Task prompt ::
Once you find the line below that has "พระใหญ่ลันเตา นั่งกระเช้ามองปิง 360", output it and every line after it exactly, stopping after the line that has "Aginagan mozorrotuta atera", with no pictures.

*** Recorded data ***

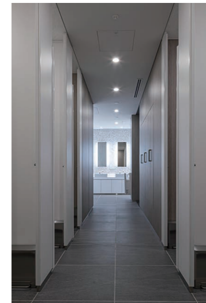
女性用トイレ大便器ブース
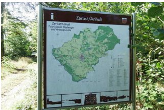
Info-Punkt des Naturparks Fläming
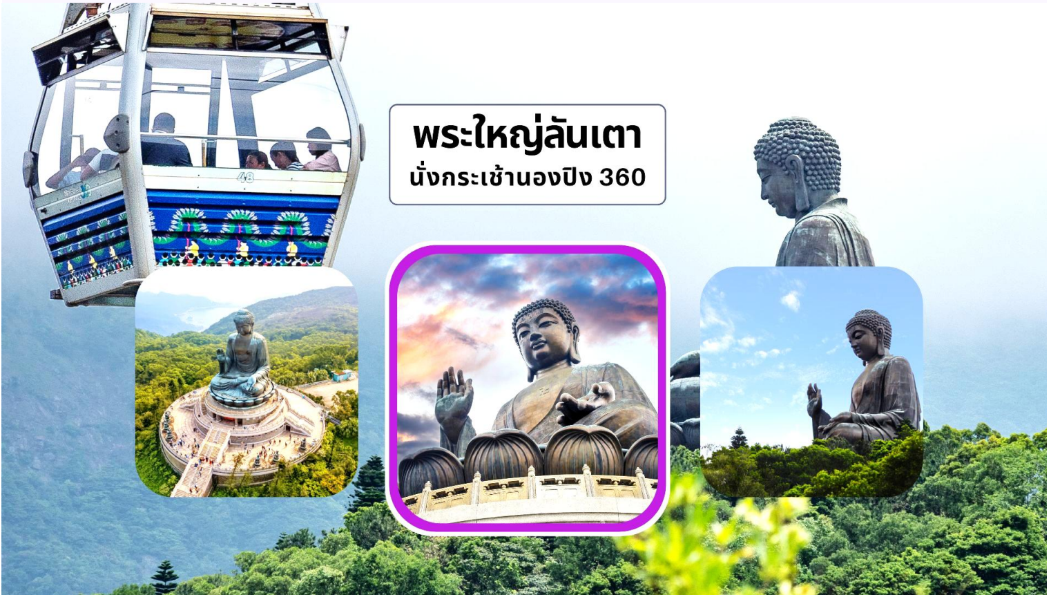
พระใหญ่ลันเตา นั่งกระเช้ามองปิง 360

เช้า รับประทานอาหารเช้า ณ ภัตตาคาร บริการท่านด้วยเมนูต้มยำฮ่องกง (มื้อที่ 4)
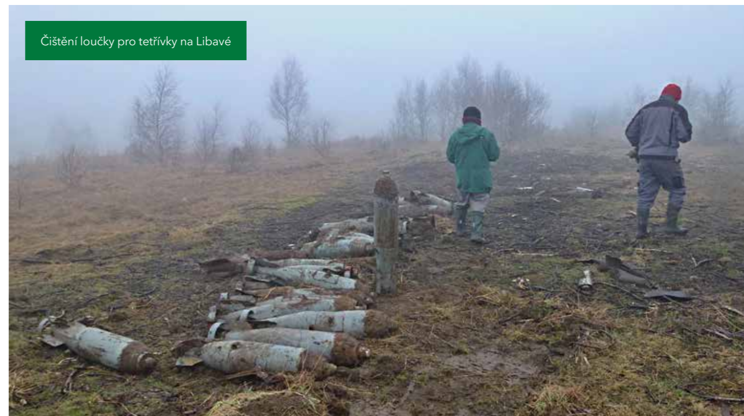
Čištění loučky pro tetřívky na Libavě

Za třináct let ralským pyrotechnikům rukama prošla na šesti lesnických divizích VLS munice všeho druhu. Většinu tvořila typizovaná munice vojsk bývalé Varšavské smlouvy a současných armád, které výcvikové prostory využívají. Vedle toho však posbírali také sbírku munice z II. světové války včetně výzbroje Wermachtu, samostatnou kapitolu tvoří střelivo pověstného sovětského raketometu Kaťuša, kterým se v českých výcvikových prostorech střílelo v 50. letech minulého století.
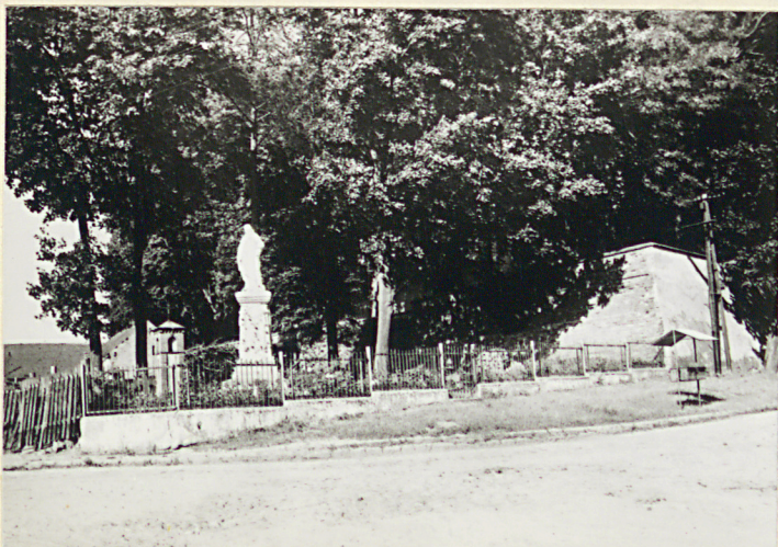
6. FIGURA I MUZ
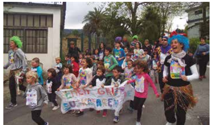
Aginagan mozorrotuta atera ziren hainbat lagun.
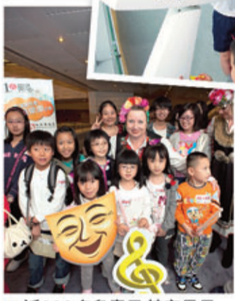
近300名兒童及其家長早前觀賞香港藝術節表演，並與國際藝術家會面。

「眼見面前這班學生看演出時的投入和參與，是任何表演者夢寐以求的100分觀眾，他們的手舞足蹈帶領著全場的氣氛。希望可以繼續見證這班小孩子的成长，配合適當的栽培，也許他們會是下一代的藝術家。」
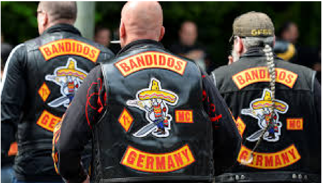
Obr. 10 - Představitelé „kütten“ – typickým znakem je masivní bunda či vesta, ozdobená nášivkami
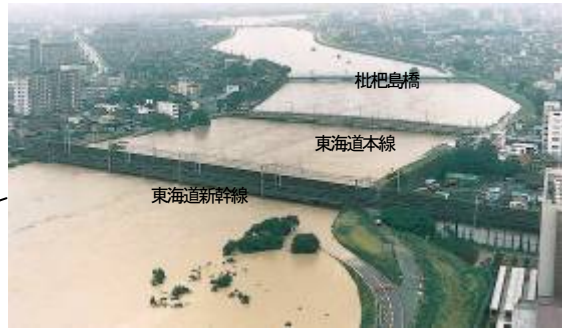
JR東海道新幹線庄内川橋りょう付近 【平成12年東海豪雨時】(名古屋市西区・清須市)
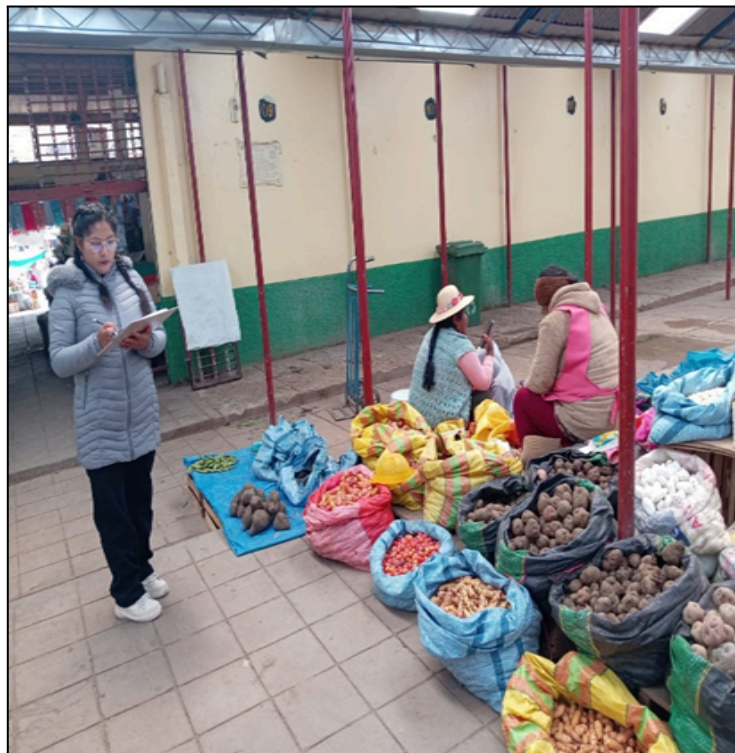
Figura 01: Encuestando comerciante de venta de papas
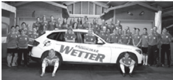
Fahrschule Uwe Wetter

Die Damenabteilung bedankt sich bei den Sponsoren Fahrschule Uwe Wetter und Malerbetrieb Michael Ambs für die neuen Aufwärmshirts.
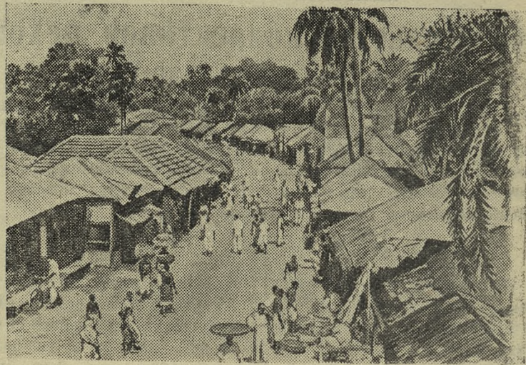
ИНДИЯ. Торговая улица большой деревни в Западной Бенгалии. Деревня расположена на шоссе, ведущем из Калькутты в штат Бихар.

На конфискацию полицией последнего воскресного номера коммунистической газеты «Юманите диманш» французские трудящиеся ответили усилением помощи демократической печати. Только за один день в фонд помощи органу французской коммунистической партии было пожертвовано более 1200 тысяч франков.
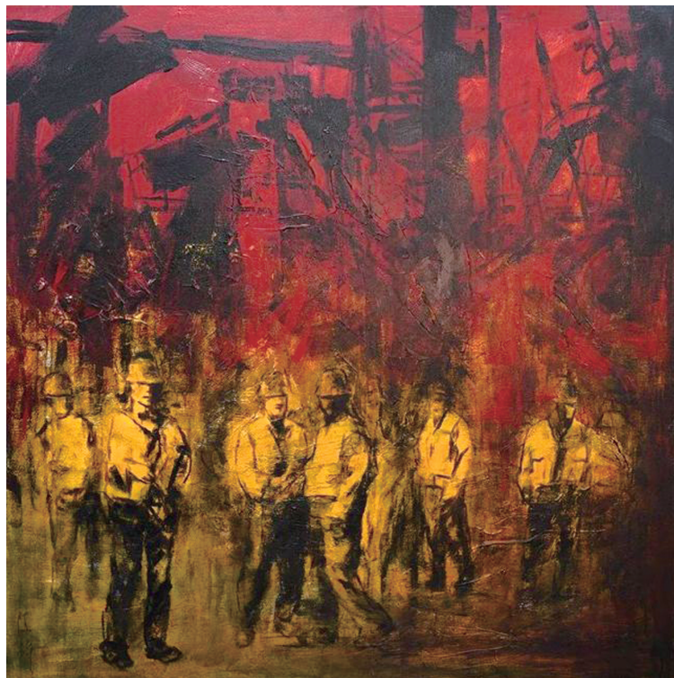
《海中的构成》系列之十一 160x160cm 2017

为了画好我心中美好的“桥”,全方位反映施工现场如火如荼的火热,反映大桥建设者吃苦耐劳、一往无前的大无畏精神,我每年几乎有三分之一时间,数十上百次深入现场去了解工程进度,在工地登吊塔顶,爬脚手架,甚至攀登附近荒岛山顶去捕捉瞬间即逝的场面。采访工程技术人员和工人,或画下素描速写和草图、或拍下照片,详细实录,积累了丰富的素材。感谢工人兄弟把我当作文化人,处处给我方便与支持,口渴了同喝一瓶矿泉水,烈日炎炎下工人师傅将阴凉处让给我,还给我很多好的建议。
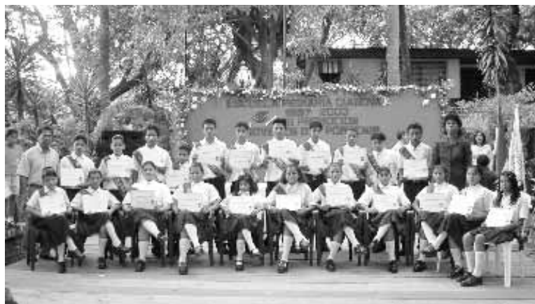
Promocionados de Primaria de la Escuela DIANOVA 2003
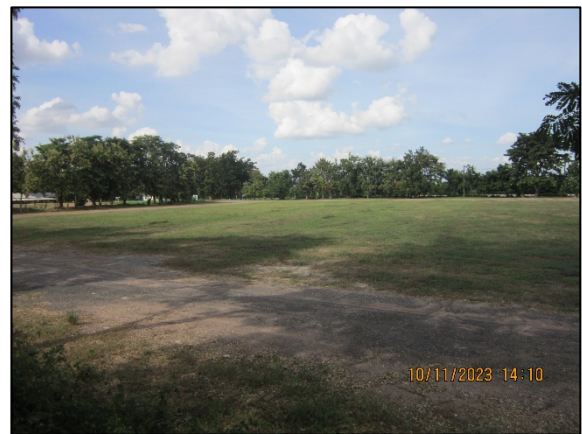
ภาพที่ 2.2-35 ลานจอดรถบรรทุกอ้อย
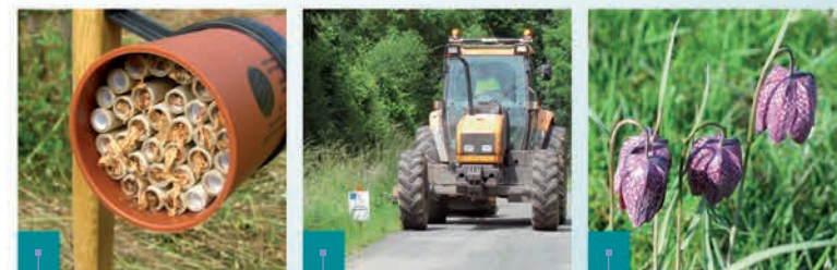
Un inventaire de l'existant

***

Response area ::
พระใหญ่ลันเตา นั่งกระเช้ามองปิง 360

เช้า รับประทานอาหารเช้า ณ ภัตตาคาร บริการท่านด้วยเมนูต้มยำฮ่องกง (มื้อที่ 4)
Čištění loučky pro tetřívky na Libavě

Za třináct let ralským pyrotechnikům rukama prošla na šesti lesnických divizích VLS munice všeho druhu. Většinu tvořila typizovaná munice vojsk bývalé Varšavské smlouvy a současných armád, které výcvikové prostory využívají. Vedle toho však posbírali také sbírku munice z II. světové války včetně výzbroje Wermachtu, samostatnou kapitolu tvoří střelivo pověstného sovětského raketometu Kaťuša, kterým se v českých výcvikových prostorech střílelo v 50. letech minulého století.
6. FIGURA I MUZ
Aginagan mozorrotuta atera ziren hainbat lagun.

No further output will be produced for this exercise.